The exhibition showcases new glass work by Mettler which explore themes of migration, navigation and immigration. Specifically questions such as “How humans, plants and animals make their way to a certain place? How a place becomes a home, and the process that binds, or connects us to particular places?

HeatherMettler4Using a combination of hand blown, chiseled and etched glass Heather reflects patterns and designs which illustrate her reverence for the mountain environment and the ocean which surround these islands. While not born here, her family moved to Hawaiʻi when she was six years old. “I have spent most of my life on the beautiful Big Island of Hawaii. I grew up immersed in the flora, fauna, and ocean of the Kona coast. With its hapuʻu ferns, wild ginger, coconut palms, dolphins, sea turtles, rustic lava fields, and exquisite birds, Kona has been a magical place to call home.” Heather feels deeply rooted to this place and finds it a constant source of inspiration for her art.

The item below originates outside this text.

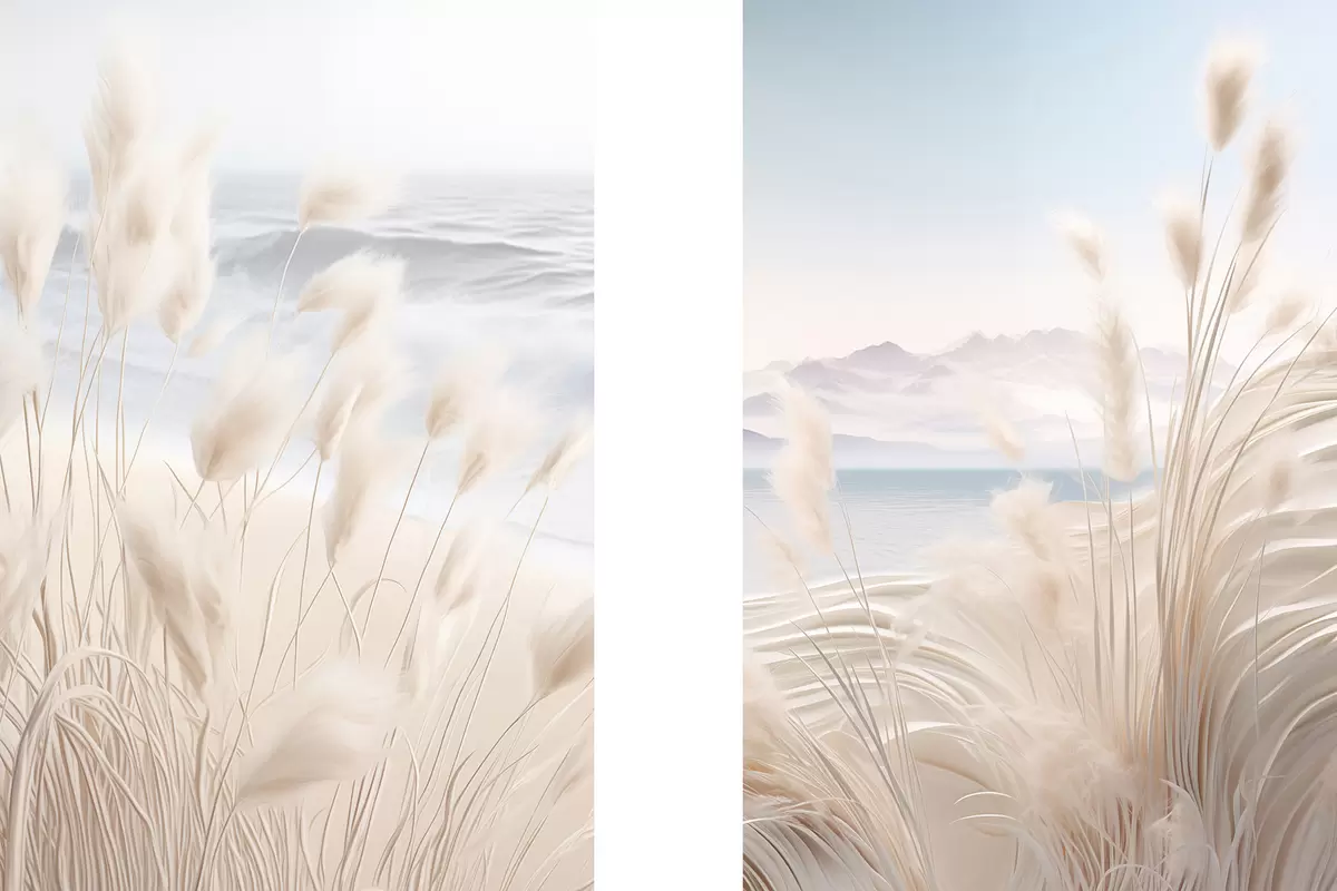 Картина Висока, пухнаста трава пампасу в м'яких бежевих тонах на передньому плані, з піщаним пляжем на задньому плані m01242

HeatherMettler3Mettler’s fascination with glass began when she was a teenager working as an apprentice to an artist specializing in sandblasting. She expanded her skills at the Pilchuck Glass School where she studied mosaic design with Felice Nittolo. After learning casting and glass blowing, two techniques that greatly expanded her artistic expression, she graduated with a bachelor’s degree of Fine Art in Glass from the University of Hawaiʻi.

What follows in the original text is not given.